- Data records:

= Beginning of Section =

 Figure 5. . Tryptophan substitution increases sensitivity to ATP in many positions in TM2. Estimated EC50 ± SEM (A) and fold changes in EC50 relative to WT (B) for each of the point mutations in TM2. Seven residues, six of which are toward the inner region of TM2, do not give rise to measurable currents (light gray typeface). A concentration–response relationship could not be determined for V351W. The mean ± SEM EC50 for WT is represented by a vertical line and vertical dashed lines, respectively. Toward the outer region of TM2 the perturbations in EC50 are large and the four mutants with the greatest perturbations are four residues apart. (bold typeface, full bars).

= End of Section =
= Beginning of Section =

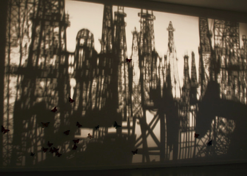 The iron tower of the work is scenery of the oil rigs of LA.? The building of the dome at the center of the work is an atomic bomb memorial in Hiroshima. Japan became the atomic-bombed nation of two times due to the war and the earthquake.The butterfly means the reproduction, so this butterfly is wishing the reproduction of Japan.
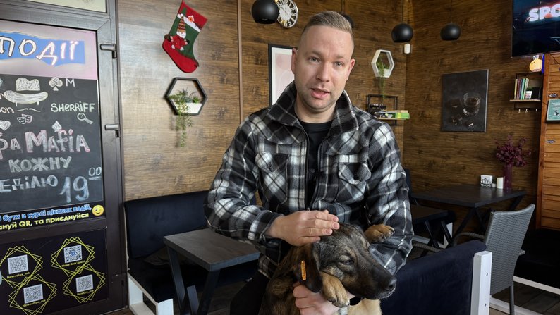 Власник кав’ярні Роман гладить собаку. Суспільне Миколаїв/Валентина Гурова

= End of Section =

- What is expected: Return word for word the lines of the listing above, starting at the line with "The iron tower" and ending at the line with "Власник кав’ярні Роман", both included. Pictures do not belong in the copy.

- The completed task:
 The iron tower of the work is scenery of the oil rigs of LA.? The building of the dome at the center of the work is an atomic bomb memorial in Hiroshima. Japan became the atomic-bombed nation of two times due to the war and the earthquake.The butterfly means the reproduction, so this butterfly is wishing the reproduction of Japan.
 Власник кав’ярні Роман гладить собаку. Суспільне Миколаїв/Валентина Гурова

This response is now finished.